The powered cable 500 may also be electrically coupled to a wall-wart style transformer to plug into an AC power socket (e.g., an AC/DC converter external power supply that plugs into a wall socket) to supply the power to the musical instrument. An on/off switch may be built into the mono-end of the plug to control power to the stringed musical instrument. In an “on” mode, the fretmarker lights may turn on (the active electronics may be turned on the moment any ¼″ jack is inserted). In an “off” mode, the cable may behave like any standard musical instrument cable, and the stringed musical instrument may rely solely on its internal battery to power the active electronics, while the fretmarker lights are off.

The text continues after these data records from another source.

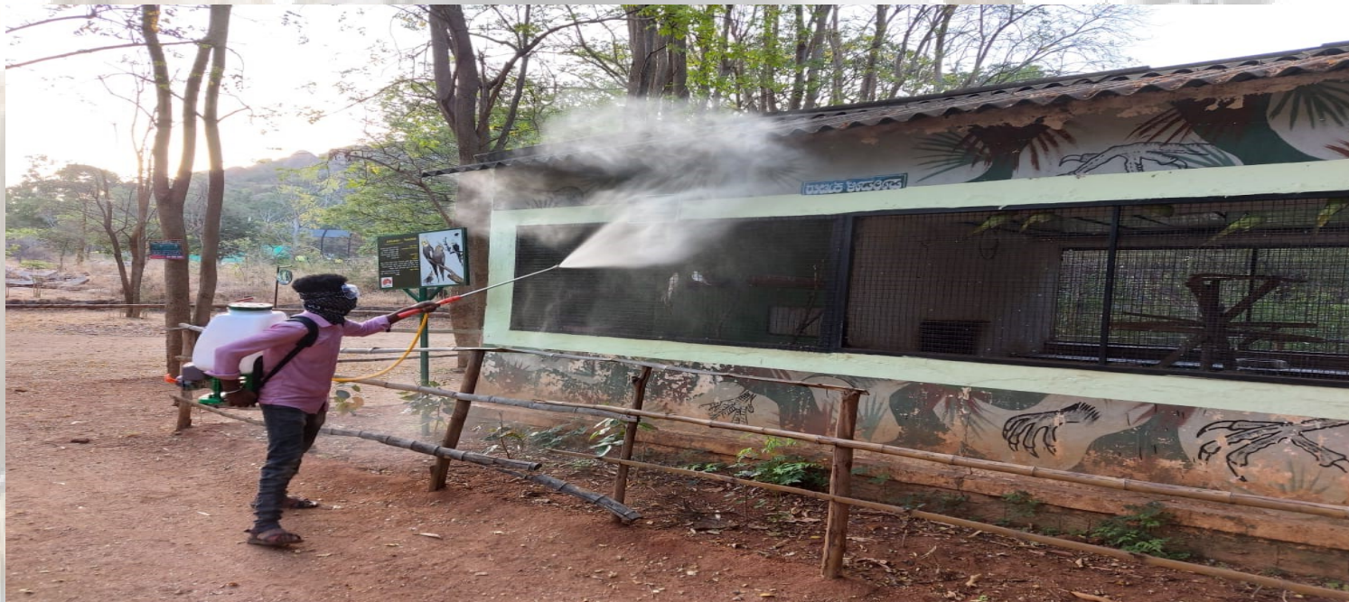
Spraying water to animals and birds in the enclosures in summer and Covid-19 days

Summer Days: More fruits are given to the animals, Electro care Powder is also given to keep them hydrated. Water is sprinkled using sprinklers to keep the enclosures cool during summer.
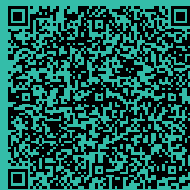
JORGE FARIA City Mayor

Investimento Turístico Turistic Investment
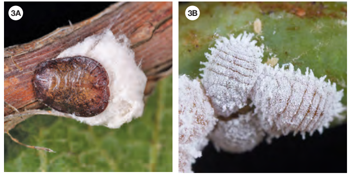
Figure 3. (A) A soft scale female with white egg sac collected in a vineyard near Seneca Lake, and (B) Mealybugs, potential vector of GLRaVs.

The most efficient means of spreading leafroll-associated viruses is through vegetative propagation and grafting. GLRaVs can be moved across long distances in planting and propagation materials. In addition, insect vectors in two homopteran insect families (mealybugs, Pseudococcidae , and soft scales, Coccidae ) can also transmit GLRaV-1, GLRaV-3, and GLRaV-4. Mealybugs and soft scales feed on a wide range of host plants and can be serious pests of woody plants, including Vitis . Most species overwinter as eggs and young instar nymphs beneath the bark of the trunk. Only a few species can overwinter underground on the roots. Females are wingless but can exhibit limited mobility, while adult males, which lack mouthparts, and hence, cannot feed and transmit the viruses, are winged. Because of their small size, crawlers and adults can be readily wind-blown.
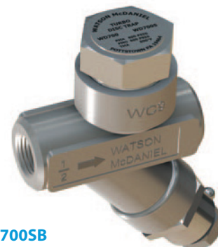
TD700SB Strainer & Blowdown Valve

Now referring to FIG. 6, embodiments of adjustable bridges 600 and 601 are illustrated according to some embodiments. The adjustable bridges 600/601 may provide an ability to correct intonation of a string and a height of the string. A top view, side view, and bottom view of each bridge 600/601 is illustrated respectively. Each bridge 600/601 may comprise a tonal anchor point for a string, and thus the bridge 600/601 has a direct effect on an accuracy of the pitches when the string is pressed onto the frets. A straight bridge 600 may comprise grooves 602 to firmly hold strings in place. A height of the strings above the frets may be adjusted by simply installing another bridge with a different string height (as viewed according to a respective side view). The bridge 600 can also be rotated slightly to obtain a gradual intonation shift from string to string. To compenesate for many common types of intonation problems, a split bridge 601 may also be used wherein the location of the string contacts the split bridge 601 may vary from one string to another. The split bridge 601 may also be rotated slightly to obtain a gradual intonation shift from string to string. The split bridge 601 may be split in a variety of ways. For example, given a six string instrument, the split bridge 601 may be split 3:3, 2:4 or 1:5. Likewise, a seven string instrument may be split 4:3, 3:4, 2:5, etc. String height may be adjusted by replacing the bridge with a different bridge that comprises a different string height.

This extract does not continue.